A Christmas Carol which is a bildungsroman written by Charles Dickens in the 1800’s, an undermining social diatribe possibly accusing the political injustice. As a Unitarian he was passionate about morality and ethics and abhorred the poverty inflicted on the underclass by the obnoxious upper-class. The poor were merely pledged to a life working for little pay often in the Debtor’s prisons enacted by the Poor Laws. Dickens critiques this through the use of Scrooge the protagonist of the novella whom undergoes a transformative change which shows the effects on himself and those around him. He begins as an allegory for the exploitive parsimonious upper-class, exemplified as being a money lender. Dickens, who passionately believes in a full humanity uses the theme of injustice symbiotically with redemption to unify all classes in a more civilised and utopian idealistic society. His reformation is aided by the three ghosts, who show him his past present and future and how his actions have influenced others.

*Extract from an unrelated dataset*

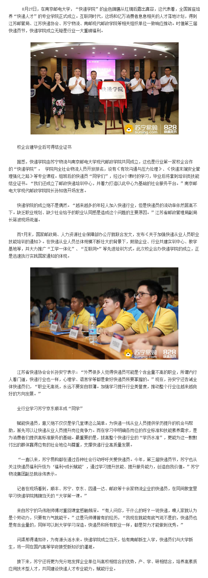 【鳳凰網(wǎng)江蘇】國內(nèi)首個快遞學(xué)院正式成立 蘇寧南郵合辦

        In the exposition Scrooge is introduced as a ‘squeezing, wrenching, grasping, scraping, clutching, covetous old sinner’, and this lexis of constricting verbs suggest his violent and manic pursuit for money, which shows his greed and materialistic needs as he ‘clutches’ out of desperation. The phrase ‘solitary as an oyster’ could connote to several things. Firstly, an ‘oyster’ is a calcified shell that is extremely difficult to open, likewise, Scrooge is very emotionally difficult to converse with. This could refer to his oblivious attitude to the poor, and be the reason the rich upper-class dismiss the lower class. However, in time, the ‘oyster’ opens to reveal a pearl. This could implicitly infer that with force, he could become a better person. This imagery is used to show how Scrooge has become metaphorically emotionally frozen because of his actions and isolation. ‘External heat and cold had little influence on Scrooge’ shows that the bad weather (or his negativity) is coming from him which is why it doesn’t affect him. The use of ‘misanthropic ice’ later in the stave enforces the idea that his wealth and disregard for others and humanity to find wealth is what has led to his frozen emotions ‘misanthropic’ could have been used to show his hatred for humanity but also his disliking for the poor because of their lack of wealth. This was a common opinion at the time when workhouses and debtors prisons were common and were funded indirectly by the wealthy middle class industrialists and so Scrooge could believe that this action justifies his lack of generosity and humanity to the poor.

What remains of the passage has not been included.